MATERIAL SHOWN section start

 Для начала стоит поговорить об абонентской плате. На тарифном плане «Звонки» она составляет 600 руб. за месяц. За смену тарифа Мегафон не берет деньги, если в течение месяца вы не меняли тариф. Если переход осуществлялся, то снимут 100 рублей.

MATERIAL SHOWN section end
MATERIAL SHOWN section start

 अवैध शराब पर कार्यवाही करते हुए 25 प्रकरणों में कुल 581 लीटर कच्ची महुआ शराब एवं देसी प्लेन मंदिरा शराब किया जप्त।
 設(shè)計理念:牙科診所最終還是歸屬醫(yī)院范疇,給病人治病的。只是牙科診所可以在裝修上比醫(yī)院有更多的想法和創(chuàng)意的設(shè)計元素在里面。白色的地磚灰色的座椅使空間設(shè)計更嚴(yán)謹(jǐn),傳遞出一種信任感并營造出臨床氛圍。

MATERIAL SHOWN section end

ACTIVITY: Within the material above, output exactly the lines from the one with "अवैध शराब पर" through the one with "設(shè)計理念:牙科診所", end lines included, and nothing besides.

EXERCISE RESPONSE:
 अवैध शराब पर कार्यवाही करते हुए 25 प्रकरणों में कुल 581 लीटर कच्ची महुआ शराब एवं देसी प्लेन मंदिरा शराब किया जप्त।
 設(shè)計理念:牙科診所最終還是歸屬醫(yī)院范疇,給病人治病的。只是牙科診所可以在裝修上比醫(yī)院有更多的想法和創(chuàng)意的設(shè)計元素在里面。白色的地磚灰色的座椅使空間設(shè)計更嚴(yán)謹(jǐn),傳遞出一種信任感并營造出臨床氛圍。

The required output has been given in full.